Materials and Methods:
These seven SPV isolates have undergone various tests to evaluate their pathogenicity: Passages and titration on cell culture, Experimental inoculation on sheep, Virus-neutralization, In vivo titration and viral re-isolation by real-time PCR assay.
Results:
All infected lambs showed severe clinical signs, while most of them have been reproduced on 5 dpi and persisted until 21 dpi. The lambs infected by Oj1P4, Oj2P4 and BerP5 appeared lethargic, reluctant to move compared to those infected by other isolates. The results also revealed that all isolates were able to induce serological response. Virus isolation from infected organs and blood and amplification of the viral DNA by real-time PCR proved the presence of the virus in tissues and blood of infected lambs. These Moroccan SPVs demonstrated that the three isolates Oj1P4, Oj2P4 and BerP5 have a high pathogenicity; especially the BerP5 isolate which has an important infectious titer.
Conclusion:
These results demonstrate that the Berkane isolate is the most pathogenic of the tested isolates and it can be an excellent challenge strain for the control of the efficiency of vaccines against sheep pox produced in Morocco.
Keywords: Sheep pox, Sheep poxvirus, Morocco, Pathogenicity
INTRODUCTION
Sheeppox (SP) is an infectious and highly viral contagious disease of small ruminants that is endemic in the near East and Central Asia, India, China and Central and Northern Africa (1, 2). The disease is responsible for serious economic losses to developing country such as Morocco, affecting Sheep of all ages and categorized as a notifiable disease by the World Organization for Animal Health (OIE).
The causative viral agent of SP is a member of Capripoxviruses (CaPVs) genus, belongs to the Poxviridae family. The genus Capripoxvirus comprises three members namely, sheeppox virus (SPV), goatpox virus (GPV) and lumpy skin disease virus (LSDV) affecting sheep, goats and cattle, respectively (3).

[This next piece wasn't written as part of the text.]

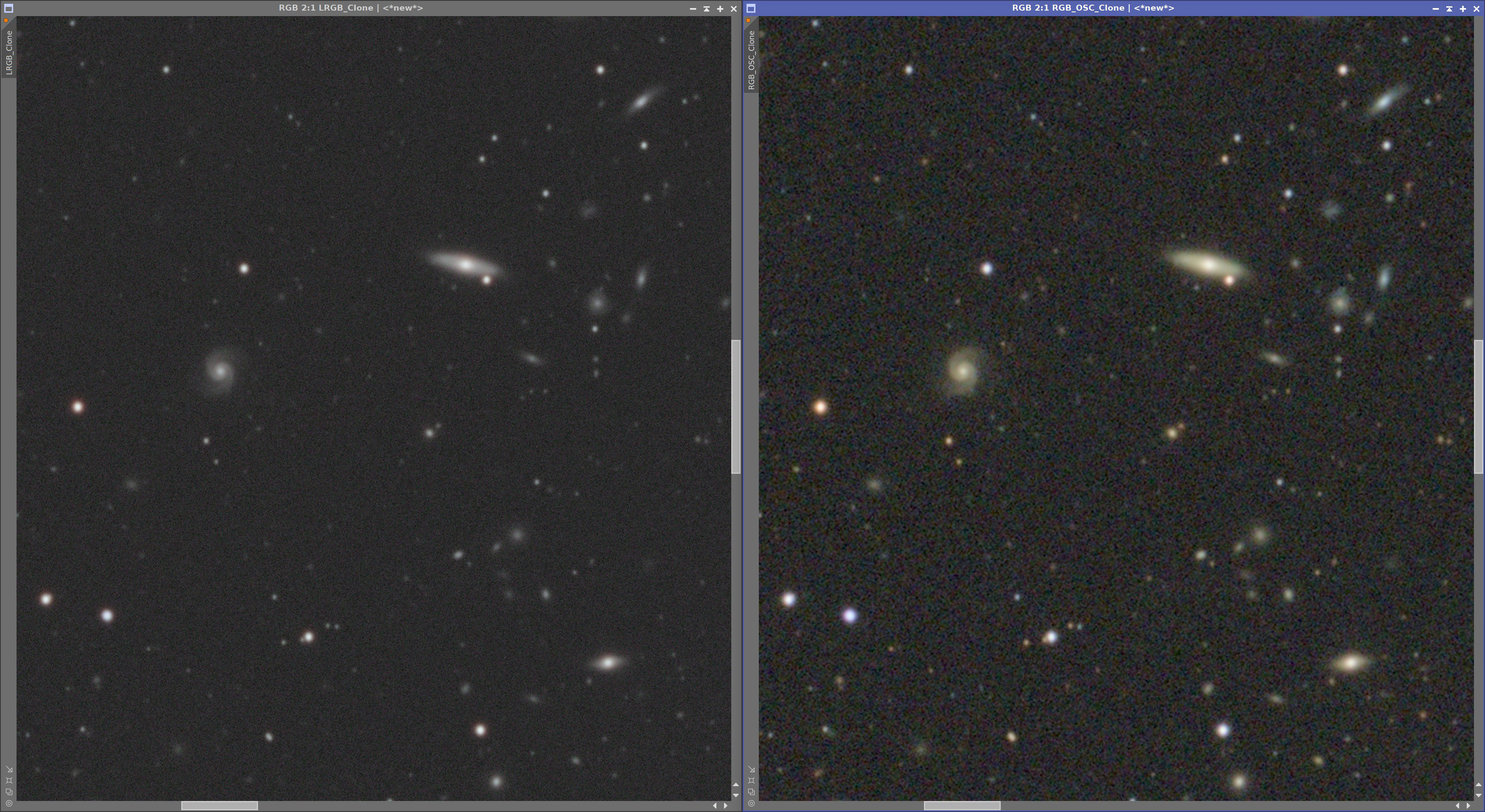 Im direkten Vergleich zeigt die großpixelige OSC bei den kleinen Galaxien erstaunlich ähnliche Details wie die Mono Variante. Die Unterschiede sind vorhanden, aber deutlich kleiner, als ich es im Vorfeld erwartet hätte.

They are closely related, showing 96% and 99% identities between the members of the same genus (4).
SPV has a wide geographical distribution and it was found in regions of Africa, Middle East and Asia, where it has a major economic impact on small ruminants production due to the high morbidity and mortality associated with disease in susceptible sheep (5). It causes significant economic losses via reduced milk yield, decreased weight gain, increased abortion rates in pregnant animals, damage to wool and hides (can affect as much as 50% of the skin surface), increased susceptibility to pneumonia and other secondary infections. Sheep of all ages can be infected with the sheeppox virus (SPV), and infected sheep show fever, pyrexia, rhinitis, conjunctivitis, excessive salivation and generalized pock lesions in the skin (3, 6).
Besides, the fact that CaPV infections cannot be distinguished clinically or serologically emphasizes the need to establish more reliable tests for virus identification such as one based on a molecular method like PCR, cloning and sequencing which are more reliable, sensitive and specific techniques (7, 8).

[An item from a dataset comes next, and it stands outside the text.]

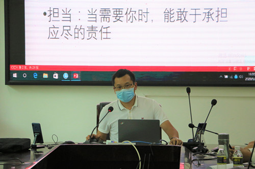 第二阶段:主题报告。殷宗宝同志向在座现场同学和线上同学做援鄂抗疫报告。他以“用于当担”“团结协作”“尽职尽责”“感谢党与人民”为关键词,讲述了驰援湖北荆州,和战友一起与病毒作斗争、救治患者的亲身经历。他的经历真挚感人、催人奋进,谱写了一名火线入党的同志的一腔爱党爱国爱人民的热忱与激情,作为一名医生,白衣执甲,在国家与人民处于危局时挺身而出的奉献精神,被展现地淋漓尽致。同学们听了殷医生的报告后,所感、敬佩,更加自觉地树立和巩固起作为中国青年的爱国情怀,承担时代使命。同时,殷医生,还介绍了病毒的创博途径,叮嘱学弟学妹在校园里应该做好防疫工作,为公司防疫工作贡献力量。

In Morocco, for many decades, sheep pox has been identified in enzootic form (9). Since the discovery of the disease in Morocco, regular control programs undertaken by the National Veterinary Services of the Department of Agriculture have been carried out in order to control the disease (9). These programs aimed to eradicate SPV by using a local live vaccine (10). This vaccine confers a long-lasting immunity; gives an immunity that can reach more than 24 months in vaccinated animals.

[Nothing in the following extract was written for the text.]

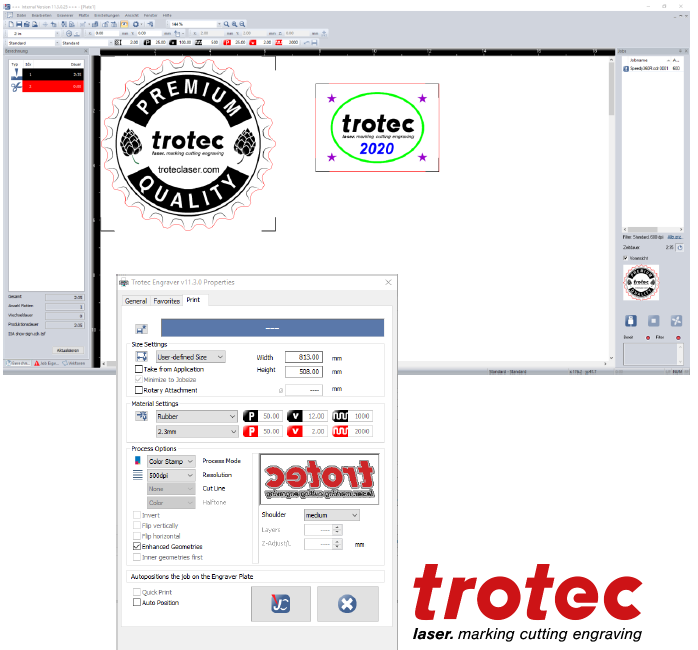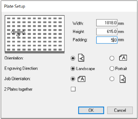 Při umisťování úloh s pravoúhlými liniemi řezu na vnější straně je vhodné mít mezi úlohami definované přesazení. Proto je nyní možné zadat kompenzaci do pole „Padding“ v dialogu „Nastavení desky“. Můžete umístit úlohy  z tiskové fronty na pracovní plochu jako obvykle dvojitým kliknutím a úlohy budou umístěny s posunem mezi nimi.

Given the significant economic losses of sheeppox worldwide and in Morocco, unfortunately up to now, there is no available information about local virus challenge. Hence, the objective of the present study was to evaluate and compare for the first time the pathogenicity of seven Sheeppox virus strains isolated during 1993–1995 in Morocco. The clinical signs, gross lesions were evaluated. Serological response by the detection of SPV antibodies of the affected lambs was also checked. Isolation of the virus from the affected organs and real time PCR test was used to detect virus in several tissues of infected sheep.
MATERIALS AND METHODS
Virus isolates.
It’s about a seven Moroccan virulent isolates of SPV (Table 1), which have been isolated from sheep suffering from the specific clinical signs of SP and which had been previously isolated in Biopharma laboratories during 1993–1995 severe epizootics of SPV in different geographic regions of Morocco.
Table 1.
Presentation of isolates: designation, origin and outbreak year.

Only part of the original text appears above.